From the top of a tower of height \(h\), the angles of depression of two objects in line with the foot are \(\alpha\) and \(\beta\) (with \(\beta>\alpha\)). Find the distance between the objects.
Distance \(=h(\cot\alpha-\cot\beta)\).
Step 1: Draw a vertical tower of height \(h\). Let the top of the tower be point A and the bottom (foot) be point O.
Step 2: Two objects are lying on the ground in a straight line from O. Let the nearer object be at point P and the farther one at point Q.
Step 3: From the top of the tower (point A), the line of sight to P makes angle of depression \(\beta\) and the line of sight to Q makes angle of depression \(\alpha\).

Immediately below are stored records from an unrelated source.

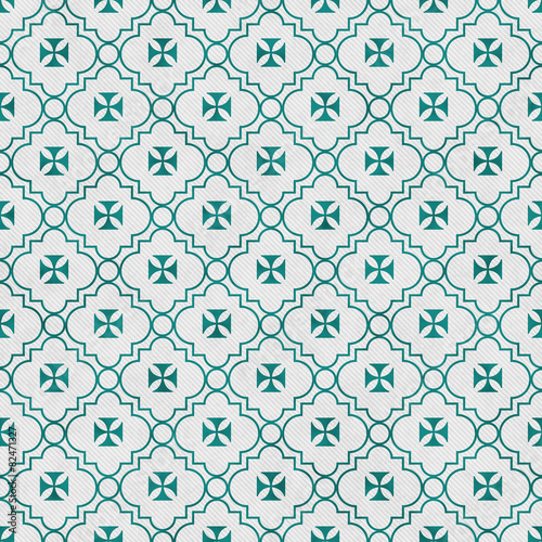 © Karen Roach, Fototapeta premium Teal and White Maltese Cross Symbol Tile Pattern Repeat Backgrou
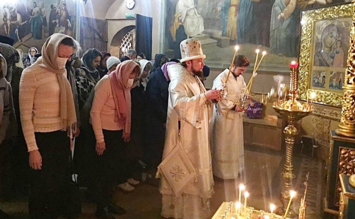 В канун Великого Двунадесятого праздника Крещения Господня епископ Истринский Серафим совершил Великое Повечерие с литией и Утреню в Свято-Успенском соборе Крутицкого подворья
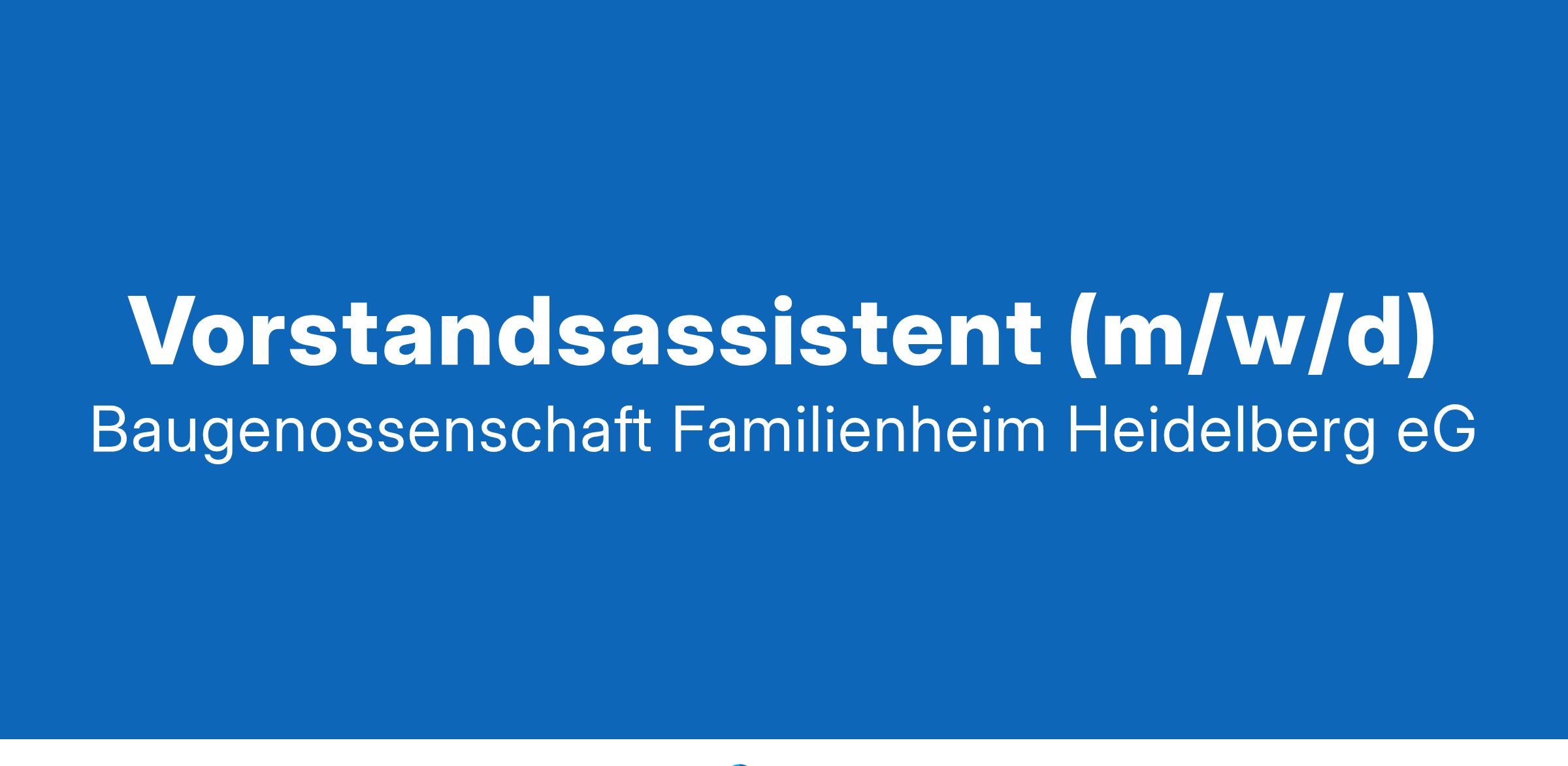 Die Baugenossenschaft Familienheim Heidelberg eG ist seit über 75 Jahren ein leistungsstarker Partner im Immobilienbereich. Wir verwalten, vermieten und betreuen über 1.100 Wohn- und Gewerbeeinheiten in Heidelberg und dem Rhein-Neckar-Kreis. Unsere Werte wie Nachhaltigkeit, Fairness und langfristige Beziehungen prägen nicht nur unseren Umgang mit unseren Mietern und Mitgliedern, sondern auch die Zusammenarbeit im Team. Zur Verstärkung unseres Teams suchen wir zum nächstmöglichen Zeitpunkt Sie als Vorstandsassistentin (m/w/d)
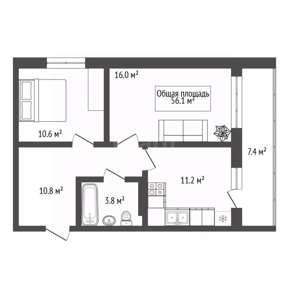Функциональная планировка с просторной лоджией.
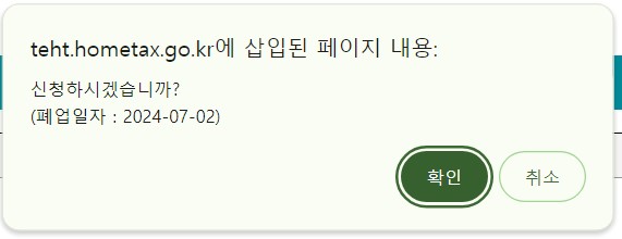 첨부서류도 저는 없었기에 화면 하단에 있는 신청하기 버튼을 클릭하면 아래 이미지 팝업이 화면에 나타납니다.
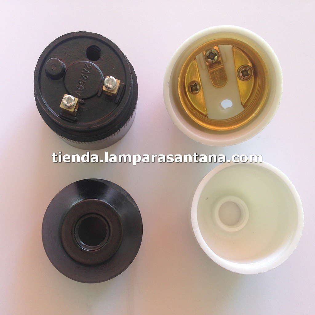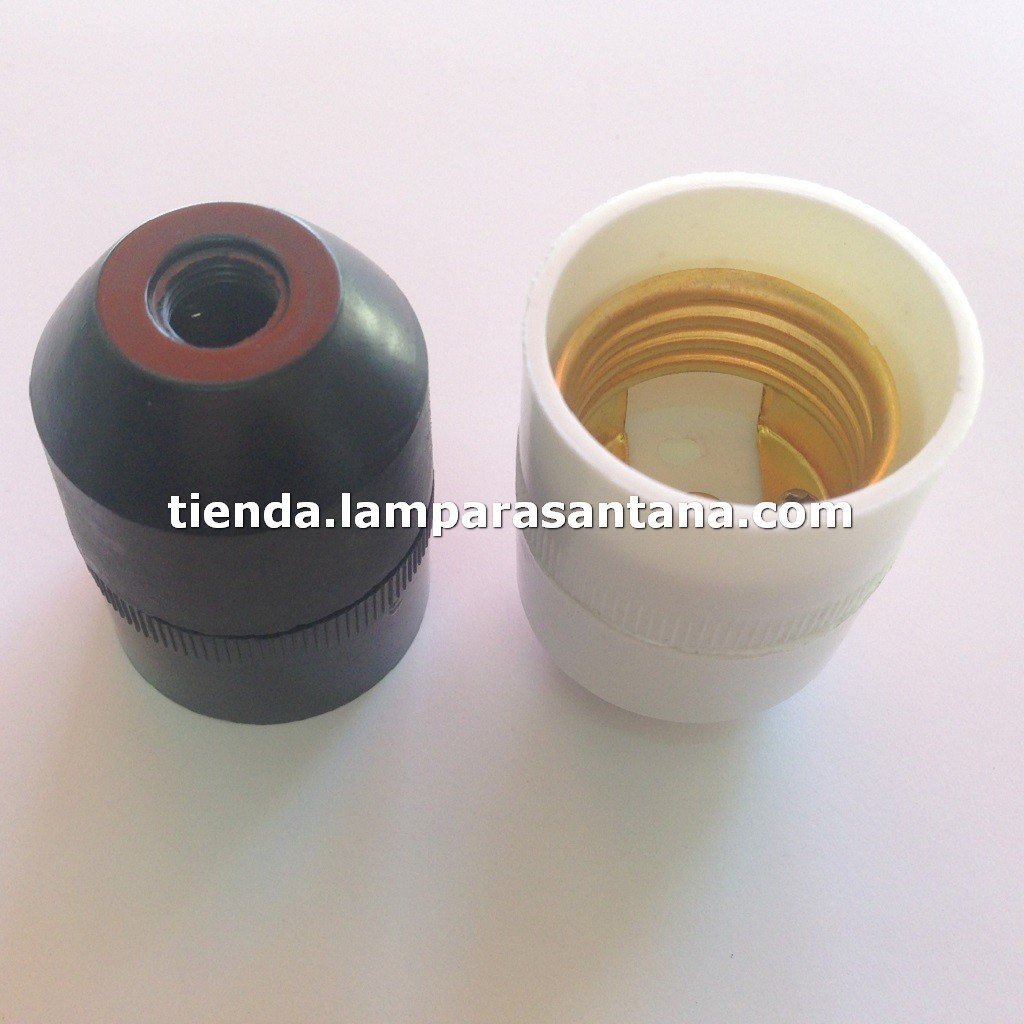 Portalámparas baquelita E27 reforzado, disponible en blanco y negro. Interior reforzado en latón y atornillado
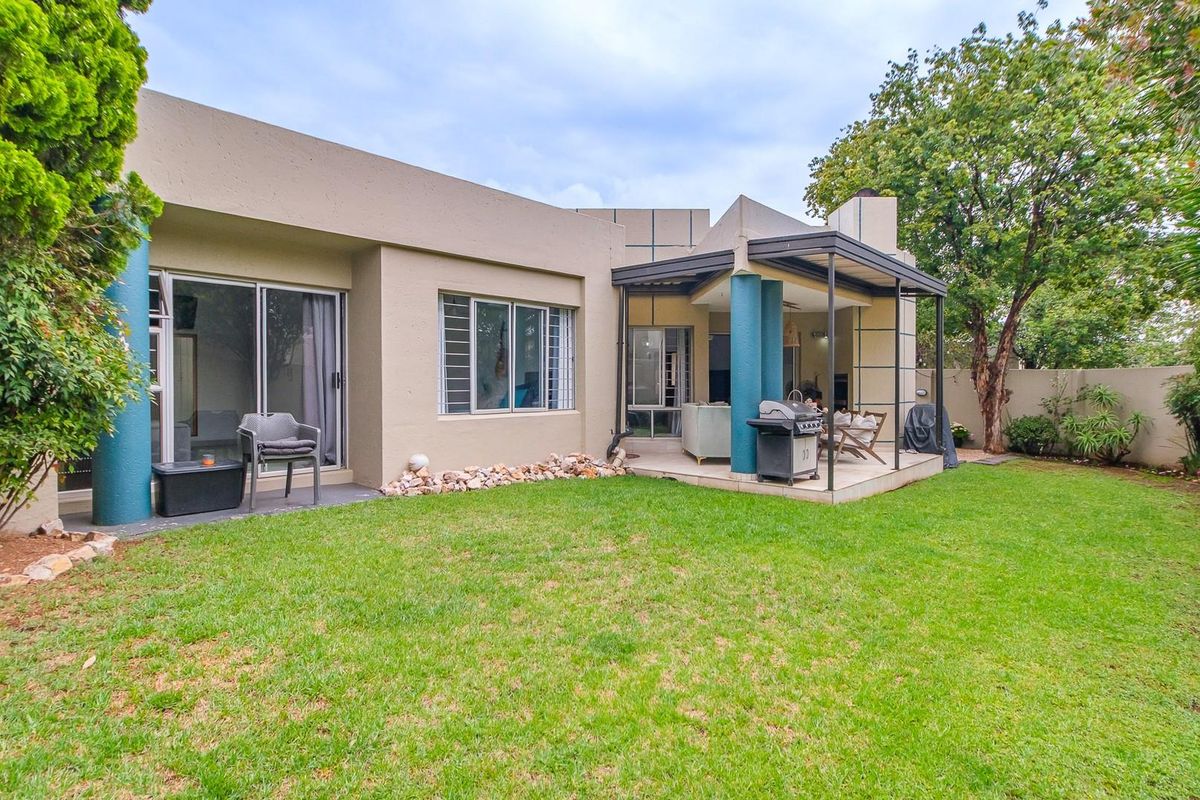 Secure, family-focused living in prestigious Sunninghill Gardens with 24/7 manned security and Gautrain access; single-level home with solar power system and covered patio, 3 beds, 2 baths.
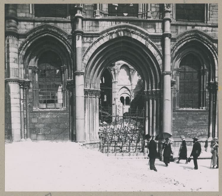 POP | Plateforme ouverte du patrimoineFaçade ouest : porche défendu par un réseau de fils barbelés ; Visiteurs

Step 4: In right-angled triangle AOP:
\(\tan\beta = \dfrac{\text{opposite side}}{\text{adjacent side}} = \dfrac{AO}{OP} = \dfrac{h}{x}\).
So, \(x = h \cot\beta\).
Step 5: In right-angled triangle AOQ:
\(\tan\alpha = \dfrac{AO}{OQ} = \dfrac{h}{y}\).
So, \(y = h \cot\alpha\).
Step 6: The distance between the two objects is:
\(PQ = y - x = h \cot\alpha - h \cot\beta\).
Final Answer: Distance \(= h(\cot\alpha - \cot\beta)\).